In summary: If the SE doesn't work with SR, what specifically, in terms of the math, is the reason for this? I'm specifically interested in how this relates to the creation and annihilation operators of QFT, as I previously was under the impression that those operators didn't work with the Schrödinger equation, but my professor recently told me they're the same as the ladder operators used in non-relativistic quantum mechanics.
For context:
I posted a few questions a couple months ago, about the relationship between QM and QFT, such as What is the mathematical relationship between the wave functions of QM and the fields in QFT? and I got some very helpful explanations about how QFT requires the creation and annihilation operators, and I've also read (can't remember where) that the problem with the Schrödinger equation formulation of QM (as opposed to, e.g., the Dirac formulation) is that it assumes a single static reference frame, which obviously doesn't work with special relativity, and hence it's replaced by the Dirac equation in QFT. I also saw Schrödinger Equation and Special Relativity where the OP refers to a relativistic version of the Schrödinger equation and is told there is no such version, but no explanation is given for why.
However, there are two things I'm not understanding:
The Schrödinger equation is perfectly compatible with changes of basis, such as converting between position and momentum space via the Fourier transform. The way I understand it from linear algebra and SR, a change of basis is mathematically equivalent to changing reference frames/coordinate systems. And, I mean, obviously changing between position and momentum space isn't the same thing as applying the Lorentz transform to change coordinates in spacetime, both the Lorentz transform and the quantum mechanical operators are linear operators over vector spaces, and the wavefunctions that are solutions to the Schrödinger equation are vectors in the vector space the operators act on. So if we can apply, e.g., the momentum operator to them, shouldn't we also be able to apply the Lorentz transform to them? If not, why?

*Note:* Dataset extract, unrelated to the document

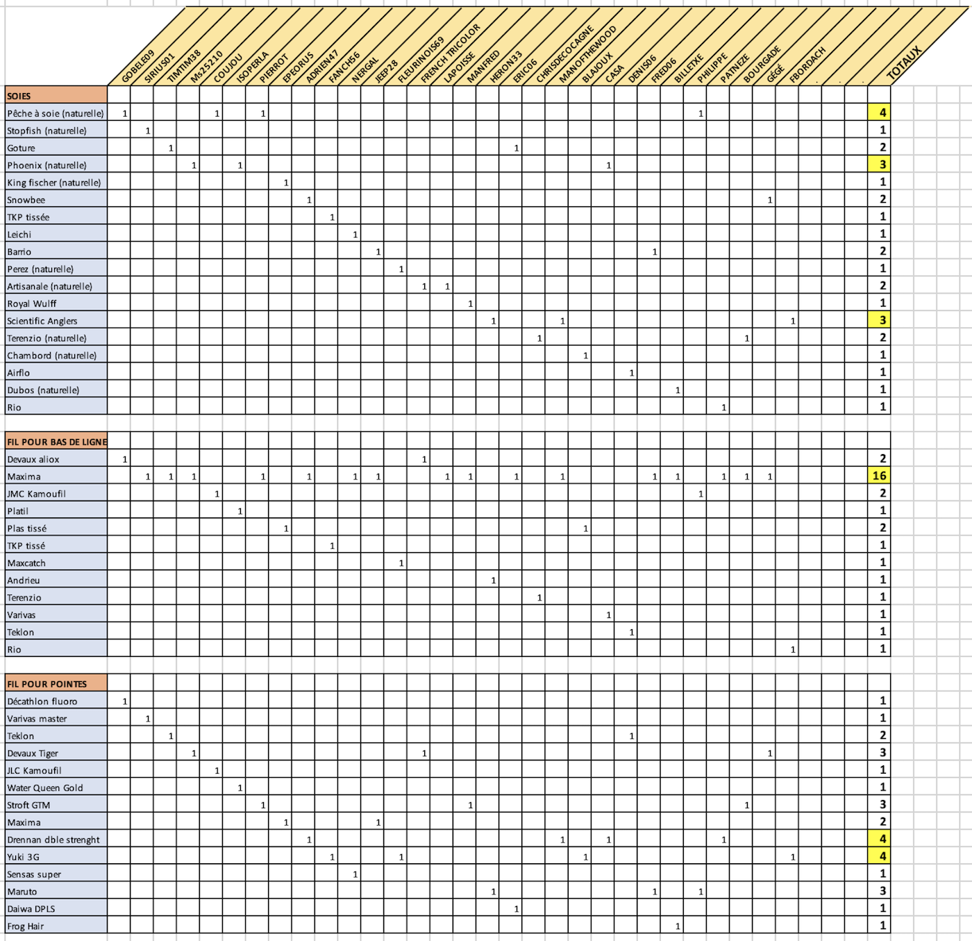 Il est néanmoins très intéressant de noter qu’un peu plus de la moitié des participants à ce sondage ont une préférence pour les soies naturelles (16 sur 30)Pour les fils de bas de ligne
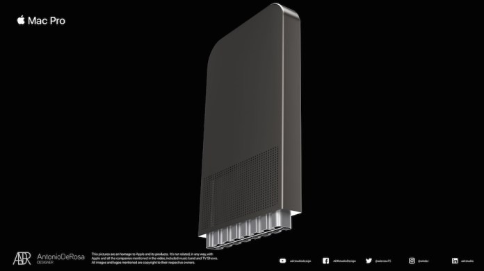 • โดยคอนเซ็ปต์ Mac Pro ของ Antonio De Rosa ยังคงรักษาเอกลักษณ์คอมพิวเตอร์เดสก์ท็อปของ Apple ไว้อย่างชัดเจน เมื่อมองจากด้านหน้า

A couple months ago, when I was reading those responses (such as the second answer to the above linked question) about how what makes QFT fundamentally different from QM is the creation and annihilation operators allowing us to switch reference frames (because, since energy and hence mass is relative, that means particle number is also relative), I got the impression that these operators were something specific to QFT that wouldn't work with the Schrödinger equation. However, in my QM course, we just finished the unit on the quantum harmonic oscillator, including using the ladder operators to find a recursive formula for the wavefunction at an arbitrarily high energy level. Griffiths' covers this in detail in chapter 2 of his QM text, and, at that point in the text at least, he's still starting every derivation with some expression he's previously derived from the Schrödinger equation. So clearly the ladder operators work fine with the Schrödinger equation and I thought nothing of it, until I read the Wikipedia article on those operators, which calls them creation and annihilation operators. I asked my QM professor in office hours and he said that, yes, they're the same creation and annihilation operators used in QFT, and then he started talking about how QED in particular is basically built-up from the quantum harmonic oscillator. I then asked a friend who previously did research in QFT if that was true what my professor said about QED being built up from the harmonic oscillator and he said yes, absolutely. So my question then is this: if QED, at least, is built up from the quantum harmonic oscillator, and QFT more generally uses the creation annihilation operators to change reference frames (which, if I understand correctly, is the main thing the Schrödinger formulation of QM lacks), but Griffiths' shows both that we can model the quantum harmonic oscillator using a wavefunction derived from the Schrödinger equation and that this wavefunction works perfectly well with the aforementioned operators, then how can the Schrödinger equation be incompatible with SR?
On a side note, I did see 'Why' is the Schrödinger equation non-relativistic?, however, while that sounds like the same question as mine, reading the question details, (and a later comment by the OP) what the OP is actually asking about is why the De Broglie equations apparently are compatible with SR while the SE seems not to be. They also appear to already be familiar with the technical reasons the Schrödinger equation is apparently non-relativistic (I say "apparently" and still have my question worded as "is it" because one of the answers to that question says the SE itself IS compatible with relativity but that the Hamiltonian is the problem, and the OP comments saying they already knew that, which has me even more confused because of their initially saying they knew SE wasn't relativistic), whereas those reasons are what I'd like to know in the first place. Hence, please don't merge these questions together, as they're only superficially similar and definitely not duplicates, for the reasons stated above.
Edit: As explained above, this question is not a duplicate of the linked question and is only superficially similar to it. Please actually read the entire question before voting to close, rather than merely going by the title.